Two Years Out

April 11, 2019

 

Hiba Elbuluk, Class of 2017

Hiba Elbuluk, a member of the Class of 2017, reflects on her unexpected career change just a year after graduation, the importance of self-care and navigating the transition from college to career.  

Describe your professional and personal journey since graduating from Princeton.

I started at Goldman Sachs straight out of college having done both my summers at the firm and serving as the head student ambassador for Goldman Sachs on campus. However, after a year full-time, I realized a career in trading was not exactly what I was looking for, and I didn't want to build my career in the financial services industry. 

As I looked to leverage my architecture degree, I came across the field of product management. I started searching for opportunities to enter the product field. I found a seed stage startup called Squad that had an opening for a product-adjacent role that could provide me with a foundation. 

I spent eight months at Squad, but unfortunately, at the seed stage, the company was susceptible to many organizational changes and market strategy changes that left me without a product team and the description of my role was changing away from product. Subsequently, I resigned from Squad a few weeks ago in an effort to exert my energy into finding the right product role at a more mature company (Series B or later) and within the consumer retail space.

What or who helped you the most after graduation?

The biggest thing for me was a true support network—my family, my mentors from internships and my closest friends supported me continuously and in a multitude of ways. Whether it was practicing interviews with me, being a listening ear or traveling with me to different places. The people I had forged the closest relationships with served as a foolproof support net for adulting.

If I had to pick out one person in particular it would be my older brother Osama. He told me before I graduated that my 20s would be filled with highs and lows, and it's not easy. You're learning to deal with adult things like taxes, rent and bills. 

You have responsibilities outside yourself. You have work politics to deal with. And I think when you're a senior that's so ready to leave, you paint this rosy photo of what you think post-grad will be, and it was refreshing for me because when things did get difficult, I remembered what he told me. 

Outside of work, what were one or two of the biggest things you had to adjust to after leaving Princeton?

A few things to note here. First is the rigidity of your schedule. At Princeton, you truly have complete control over your schedule, which classes you take, where you go and what time. Once you start working and you're on someone else's clock, your schedule becomes dictated by the workplace. 

When I was working in finance, I would wake up at 5 a.m., get to my desk at 6 a.m. and I didn't leave until 8 p.m., which gave me an hour and a half to eat, shower, potentially workout and fit in a phone call.

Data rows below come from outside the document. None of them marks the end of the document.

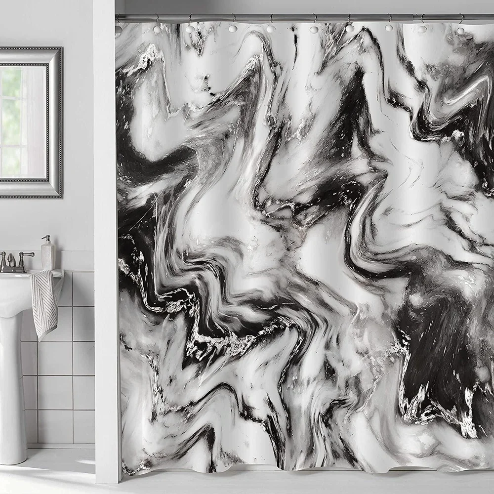 «Black White Mable Shower Curtain Colorful Gouache Rainbow Gold Crack Abstract Trippy Marbling Waterproof Bath Curtain with Hooks» по лучшей цене на рынке! Всего за 16$ (1520рублей)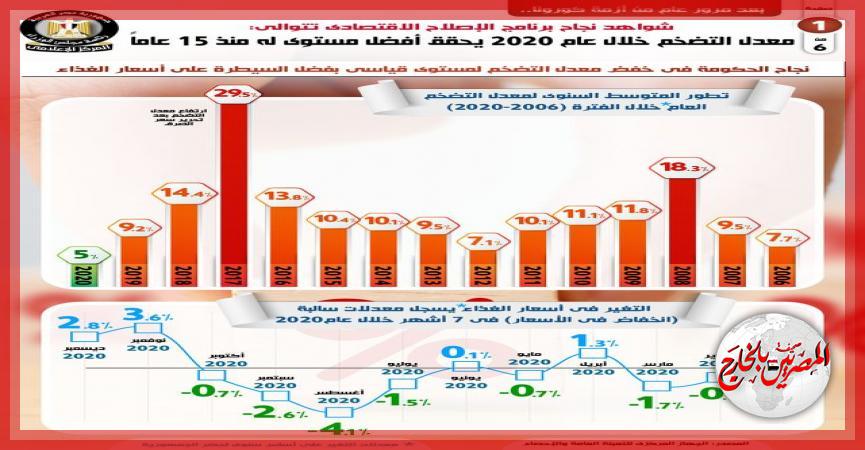 وفي هذا الصدد، نشر المركز الإعلامي لمجلس الوزراء، تقريراً تضمن إنفوجرافات تسلط الضوء على تتابع شواهد نجاح برنامج الإصلاح الاقتصادي، حيث سجل معدل التضخم خلال عام 2020 أفضل مستوى له منذ 15 عاماً، وذلك على الرغم من أزمة كورونا.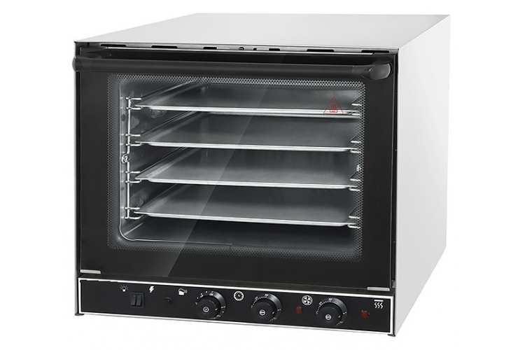 Конвекционная печь Kocateq YXD 4S предназначена для выпекания и разогрева кондитерских и хлебобулочных изделий, готовых блюд, замороженных или предварительно выдержанных в расстоечном шкафу заготовок из теста на предприятиях общественного питания и торговли, в пекарнях и кондитерских. Модель оснащена аналоговой панелью управления, таймером до 120 минут, термостатом для регулировки температуры, защитным термостатом, световыми индикаторами, подсветкой и ножками. Корпус выполнен из нержавеющей стали AISI 201, камера - из нержавеющей стали AISI 430.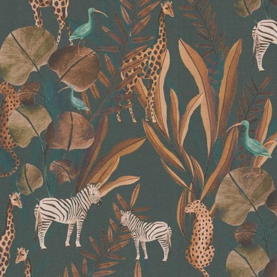 Animal pattern wallpaper wall Profhome 782182 hot embossed non woven smooth with exotic design matt anthracite black grey orange brown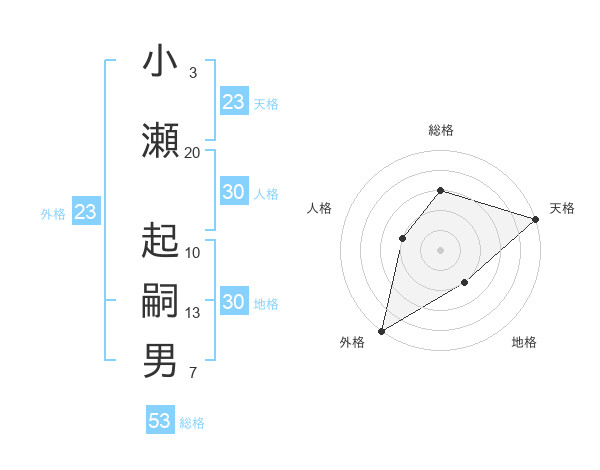 小瀬 起嗣男さんを姓名の画数から五運を鑑定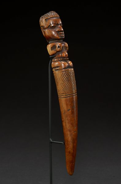 Curator: The stillness of this sculpture strikes me first. It’s so contained. Editor: This is “Ritual Head,” created by a Hemba artist, likely sometime in the mid to late 19th century. The piece, housed here at the Art Institute of Chicago, combines carved wood with what appears to be animal fur. Considering that, and the title, what do you read into its ritualistic power? Curator: Power certainly resides here. The wood, polished and smooth, contrasts vividly with the untamed fur. I am curious about the figure's gaze – almost closed eyes suggests contemplation, a turning inward. What sociopolitical narratives do you feel are wrapped up in the Hemba use of these ritual objects, considering their location, purpose, and relationship to governance? Editor: We understand that objects like this played a significant role in Hemba ancestor veneration, where they served as conduits between the living and the departed. They were essential to legitimizing authority within the community, functioning as emblems of leadership and spiritual guidance. This specific head has all of the characteristic Hemba idealized features. The downcast eyes that you noticed were possibly supposed to signal a certain degree of respect to elders and power holders. The fur piece would have been chosen deliberately for its totemic link with a key ancestral figure, as well. Curator: The layered textures offer a compelling contrast. Wood represents refined, human artistry, while the raw fur reminds us of our ties to the natural world. The sculpture challenges binary oppositions such as civilization versus nature and the sacred and the profane by weaving together contrasting components and imbuing it with ancestral spirit. Editor: That’s a wonderful insight. To extend your analysis, consider the sculpture’s display history. It shifts the power dynamics depending on whether it resides in a private collection, a national museum, or a sacred Hemba space. The meaning, intention, and role of a cultural object will change in line with location and context. Curator: Right. We can't divorce the piece from its cultural origins and how that intersects with power, representation, and identity in museums like this. Seeing it here in Chicago reshapes the narrative, prompting fresh conversations about our colonial legacies. Editor: Exactly. Viewing it in this manner adds an additional stratum to its narrative. Food for thought, indeed.
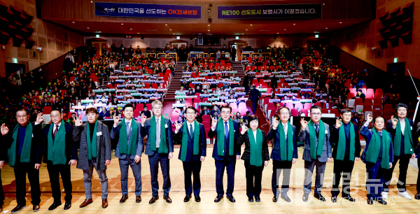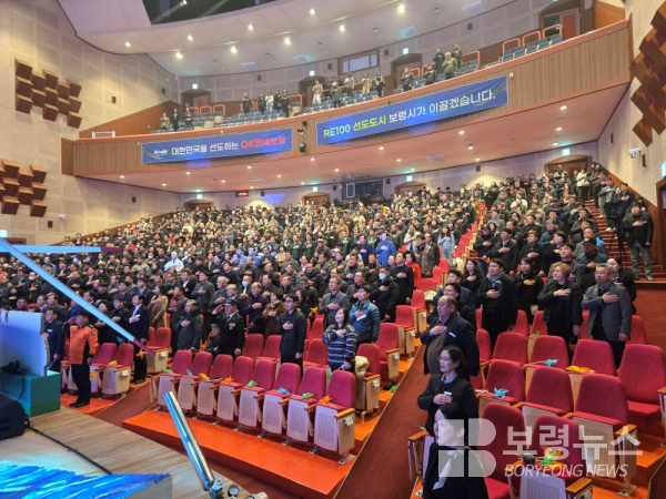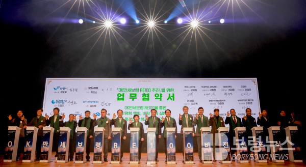 보령시는 13일 보령문화예술회관 대공연장에서 ‘바람과 햇빛, OK만세보령의 미래가 되다’를 주제로 시민 800여 명이 참석한 가운데 RE100 비전선포식 행사를 개최했다. RE100(Renewable Energy 100)은 기업이나 가정에서 사용하는 전력을 100% 재생에너지 전력으로 충당하는 것을 의미한다.

Sometimes it meant coming home and just sleeping, but that level of rigidity in schedule wasn't something an internship or Princeton could have really prepared me for. Of course, not everyone will work in finance and not everyone may have an ultra-strict schedule, but the point here is that there will be an inflection point post-graduation regardless of who you work for, where your time is no longer all yours. 

Another big adjustment is figuring out what self-care means for me and creating a routine around it. This is somewhat embedded in my first point as it relates to figuring out a routine under new time constraints, but at Princeton you'll always find places to satiate your curiosity whether it’s in the classroom, an organization, an Eating Club, etc.

But in a stage of such great metamorphosis, it's extremely important to find methods of self-care and build them routinely into your schedule because otherwise you'll put them on the back burner when they're essential to your development in and outside the office. 

You won't anticipate that you have to work to schedule these things in, but if you let life become your work, you'll lose touch with a plethora of things that satisfied you before, and no one really talks about that. 

If you could go back, what is a piece of advice you wished you would have received in preparation for life after Princeton?

Take a personal finance class whether online or through the Office of the Dean of Undergraduate Students. Learn how to do all the real life “adult” things like creating a budget, how to do your taxes, ways to create passive income, etc. And secondly, get comfortable with ambiguity. Nothing will be as planned out as your life as kindergarten through college was.